→ Data section
============================================================

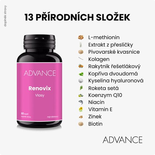Renovix je unikátny doplnok stravy. Obsiahnuté prírodné aktívne látky napomáhajú komplexne sa starať o Vaše vlasy, podporujú ich rast a prispievajú tak k udržaniu krásnych a zdravých vlasov.
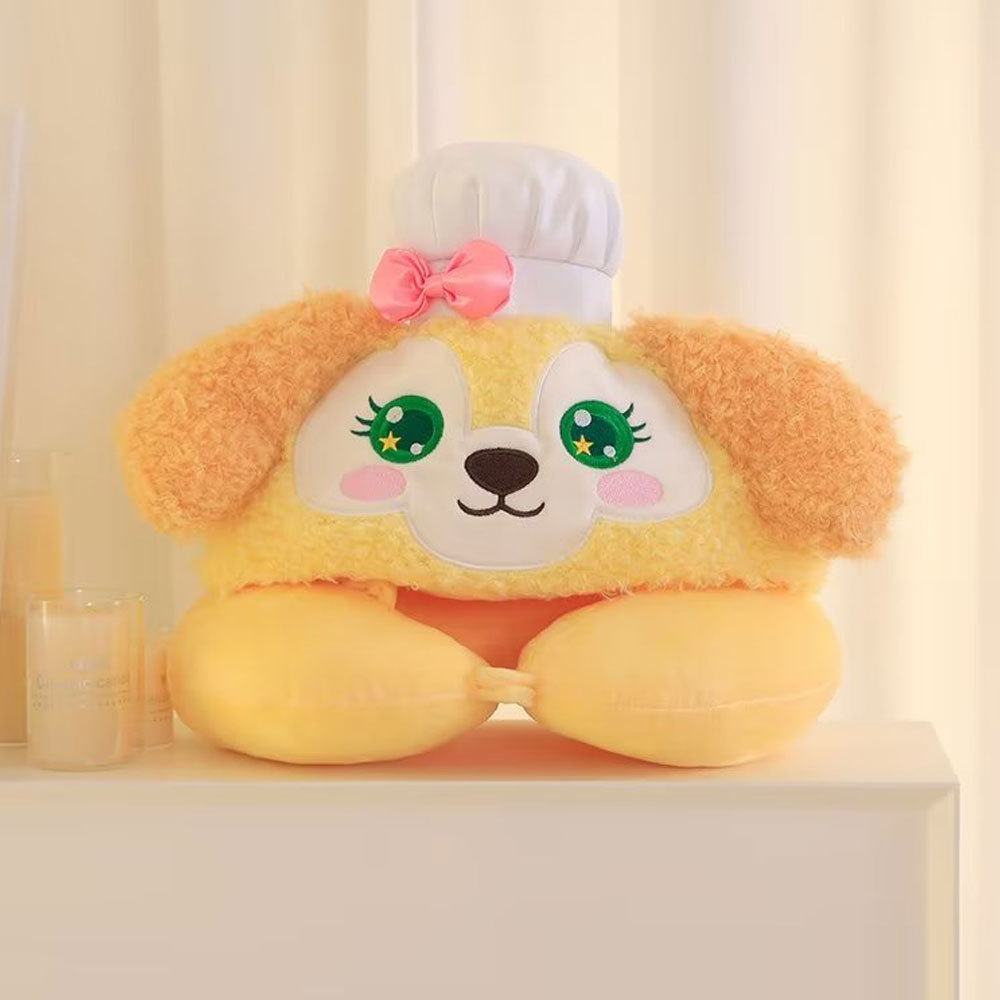 만화 귀여운 요리사 개 후드 U 베개 더블 레이어 따뜻한 후드 케이프 숄 사무실 에어컨 낮잠 담요스토어 가기
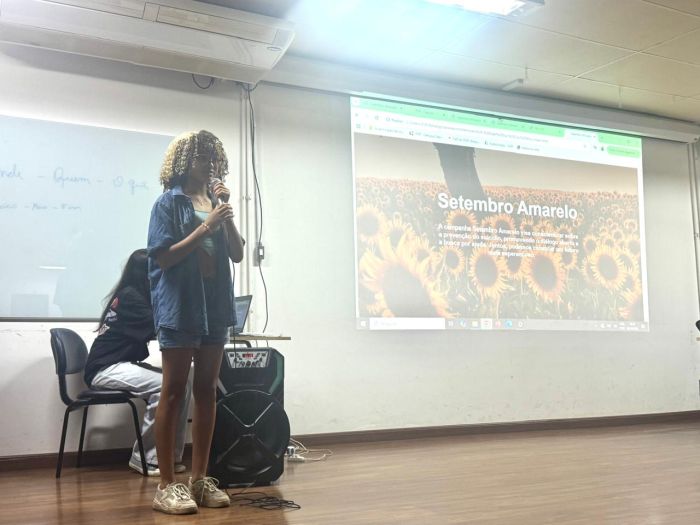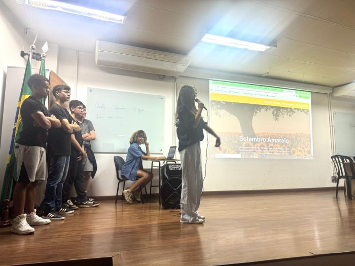 No dia 06/10 a turma do 1º ano do curso Técnico em Informática para Internet Integrado ao Ensino Médio realizou apresentações no auditório do campus marcando o encerramento das atividades sobre o tema Setembro Amarelo. Foi um momento importante de reflexão, troca de experiências e valorização do conhecimento construído coletivamente.

============================================================

→ Exercise aim
Please output the material above unchanged, apart from removing the pictures.

→ Response area
Renovix je unikátny doplnok stravy. Obsiahnuté prírodné aktívne látky napomáhajú komplexne sa starať o Vaše vlasy, podporujú ich rast a prispievajú tak k udržaniu krásnych a zdravých vlasov.
 만화 귀여운 요리사 개 후드 U 베개 더블 레이어 따뜻한 후드 케이프 숄 사무실 에어컨 낮잠 담요스토어 가기
 No dia 06/10 a turma do 1º ano do curso Técnico em Informática para Internet Integrado ao Ensino Médio realizou apresentações no auditório do campus marcando o encerramento das atividades sobre o tema Setembro Amarelo. Foi um momento importante de reflexão, troca de experiências e valorização do conhecimento construído coletivamente.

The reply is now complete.